## ACTIVITY
Restate all the data word for word and omit the pictures.

## EXERCISE DATA
· · · · ·

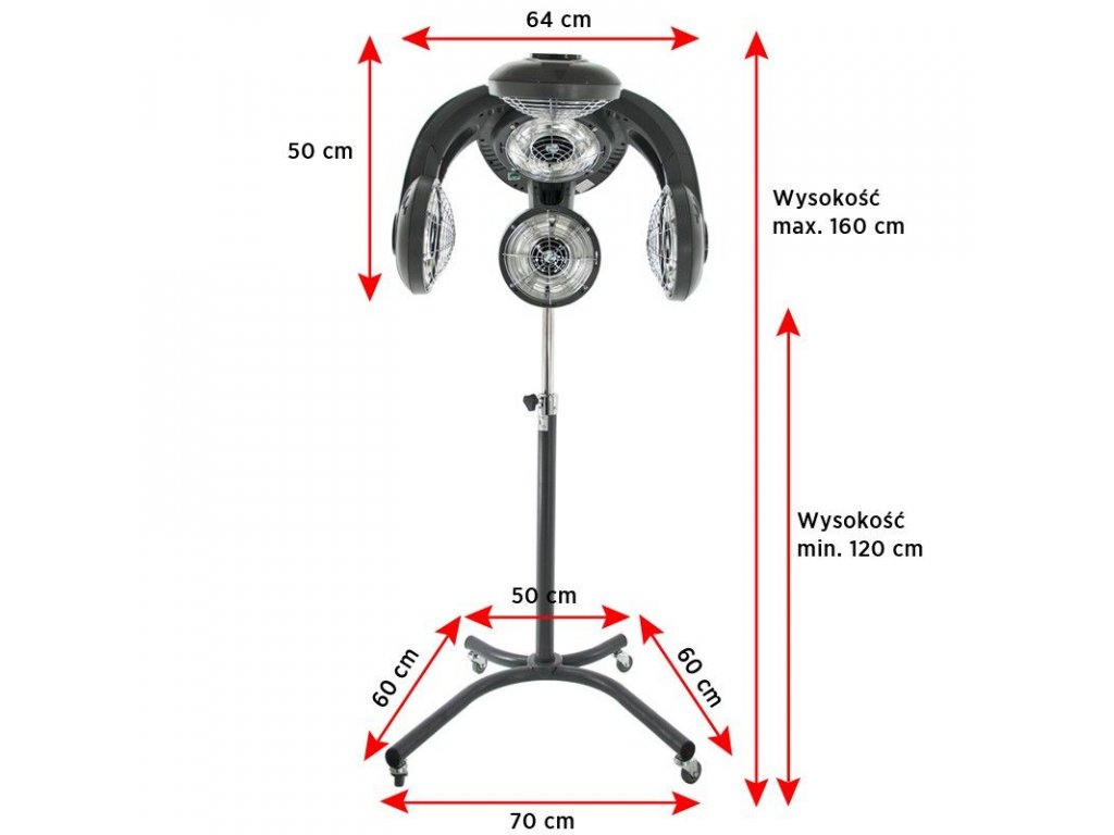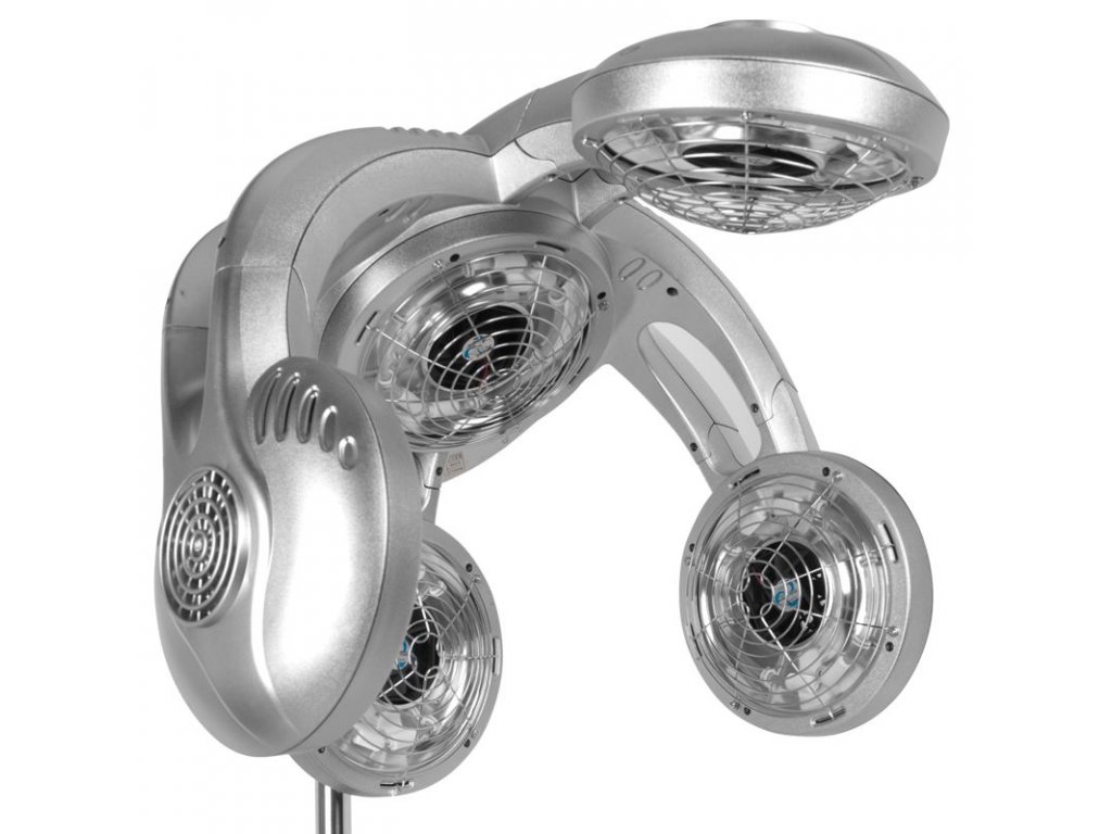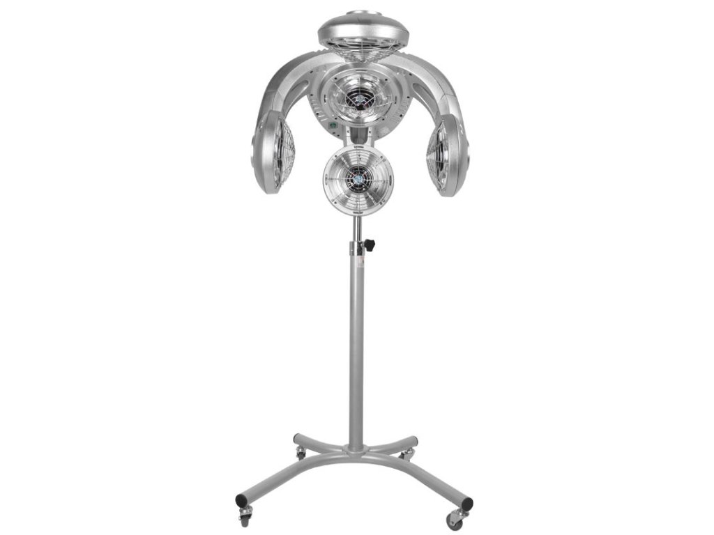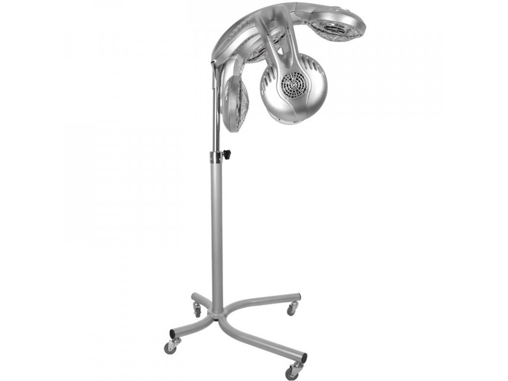 A készülék strapabíró műanyag házzal, modern ezüst dizájnnal, valamint állítható magasságú állvánnyal (142–162 cm) és kerekekkel ellátott stabil talppal készül, amely biztosítja a mobilitást és az ergonomikus használatot bármilyen fodrász szalonban.
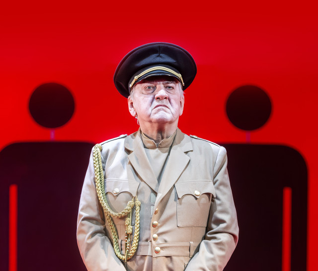 Čapek neusiloval ve svých hrách o divadlo psychologických konfliktů, ale o divadlo lidského údělu a postavení člověka ve společnosti. Z toho důvodu také Dočekalova inscenace vychází z principů brechtovského divadla (zcizovací komentáře, převedení nedramatických částí do hudební podoby, projekce atd.). Současnými postupy a prostředky se tak podařilo ukázat, že v Čapkově skoro devadesát let staré hře je uloženo leccos nadčasového, co v nové společenské konstelaci přirozeně ožívá. V dalších rolích hrají Eva Salzmannová, Tomáš Milostný, Milan Kačmarčík, Kryštof Krhovják, Radek Melša a Kristýna Jedličková.
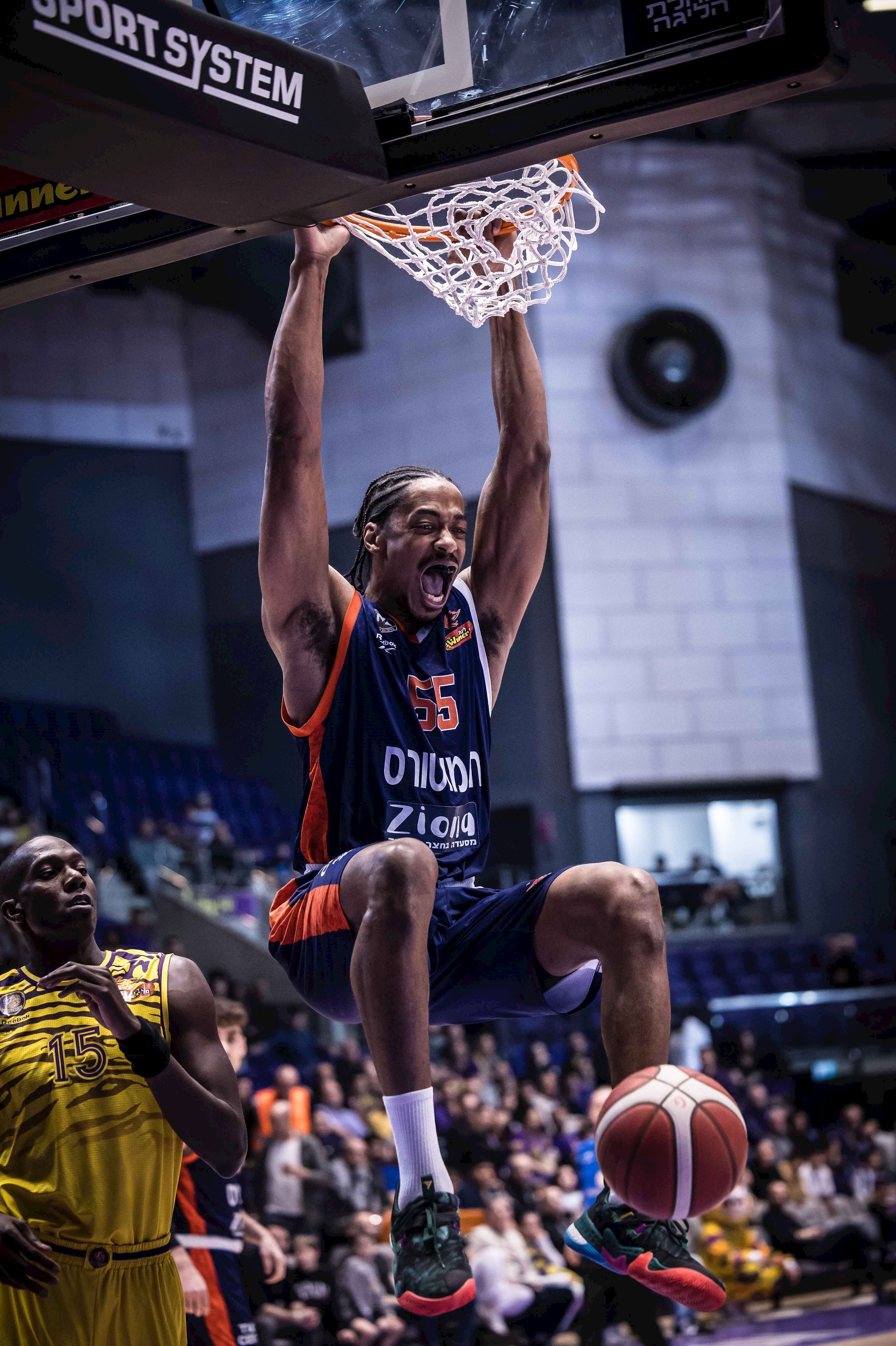 מיינסי מטביע על הרווי. עזר לקבוצתו לרדת להפסקה בפיגור סביר (צילום: עודד קרני)

· · · · ·

## ANSWER AREA
 A készülék strapabíró műanyag házzal, modern ezüst dizájnnal, valamint állítható magasságú állvánnyal (142–162 cm) és kerekekkel ellátott stabil talppal készül, amely biztosítja a mobilitást és az ergonomikus használatot bármilyen fodrász szalonban.
 Čapek neusiloval ve svých hrách o divadlo psychologických konfliktů, ale o divadlo lidského údělu a postavení člověka ve společnosti. Z toho důvodu také Dočekalova inscenace vychází z principů brechtovského divadla (zcizovací komentáře, převedení nedramatických částí do hudební podoby, projekce atd.). Současnými postupy a prostředky se tak podařilo ukázat, že v Čapkově skoro devadesát let staré hře je uloženo leccos nadčasového, co v nové společenské konstelaci přirozeně ožívá. V dalších rolích hrají Eva Salzmannová, Tomáš Milostný, Milan Kačmarčík, Kryštof Krhovják, Radek Melša a Kristýna Jedličková.
 מיינסי מטביע על הרווי. עזר לקבוצתו לרדת להפסקה בפיגור סביר (צילום: עודד קרני)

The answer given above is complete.